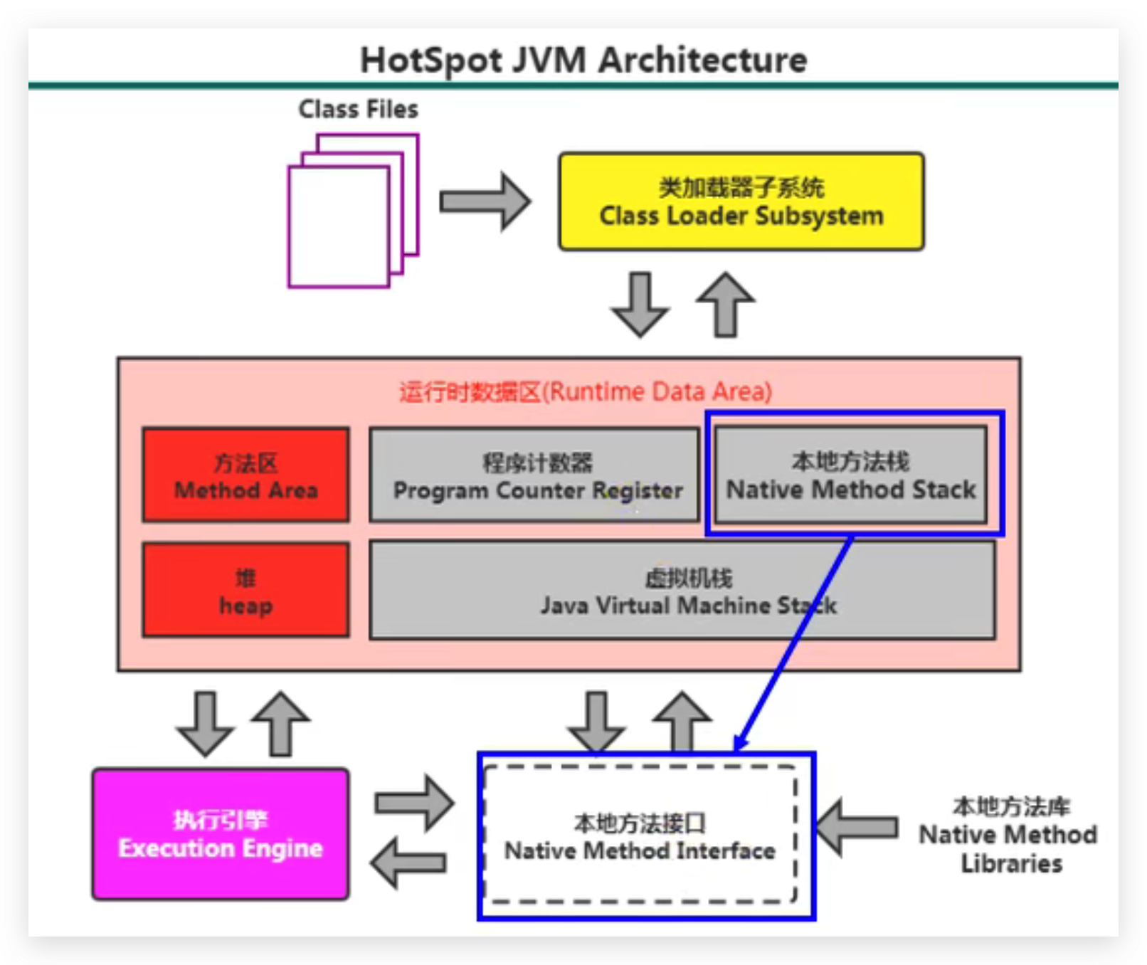 - 它的具体做法是Native Method Stack中登记native方法,在Execution Engine 执行时加载本地方法库。
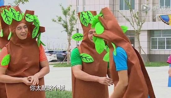 由于节目组设定的“环保”主题,当期六位男明星清一色地换上了树木造型的服装。身为特邀嘉宾的黄子韬一出场便指着杨坤哈哈大笑。正当大家一头雾水,黄子韬强忍着笑道出缘由:“你太配这个树了,你就跟个树一样!”本来见黄子韬用手指着自己就有些不爽,此刻的杨坤不禁脸色骤变,回应道:“你是小树,我是老树。”言下之意是身为后辈的黄子韬不该对自己不敬。
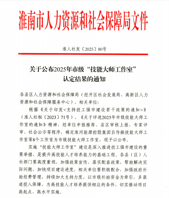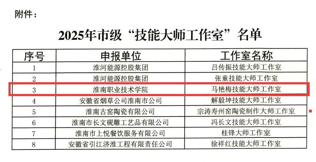 2025年10月16日,淮南市人力资源和社会保障局正式公布了2025年市级“技能大师工作室”认定名单,bwin官网bwin官网马艳梅老师主持的“马艳梅技能大师工作室”成功入选,标志着bwin官网在高技能人才培养平台建设方面取得重要突破。
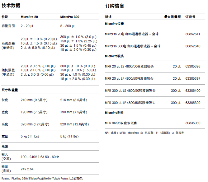 • 20 μL和300 μL的型号

### WHAT YOU ARE ASKED TO DO
Copy all the material above exactly, but skip each image.

### SOLUTION TO THIS EXERCISE
 - 它的具体做法是Native Method Stack中登记native方法,在Execution Engine 执行时加载本地方法库。
 由于节目组设定的“环保”主题,当期六位男明星清一色地换上了树木造型的服装。身为特邀嘉宾的黄子韬一出场便指着杨坤哈哈大笑。正当大家一头雾水,黄子韬强忍着笑道出缘由:“你太配这个树了,你就跟个树一样!”本来见黄子韬用手指着自己就有些不爽,此刻的杨坤不禁脸色骤变,回应道:“你是小树,我是老树。”言下之意是身为后辈的黄子韬不该对自己不敬。
 2025年10月16日,淮南市人力资源和社会保障局正式公布了2025年市级“技能大师工作室”认定名单,bwin官网bwin官网马艳梅老师主持的“马艳梅技能大师工作室”成功入选,标志着bwin官网在高技能人才培养平台建设方面取得重要突破。
 • 20 μL和300 μL的型号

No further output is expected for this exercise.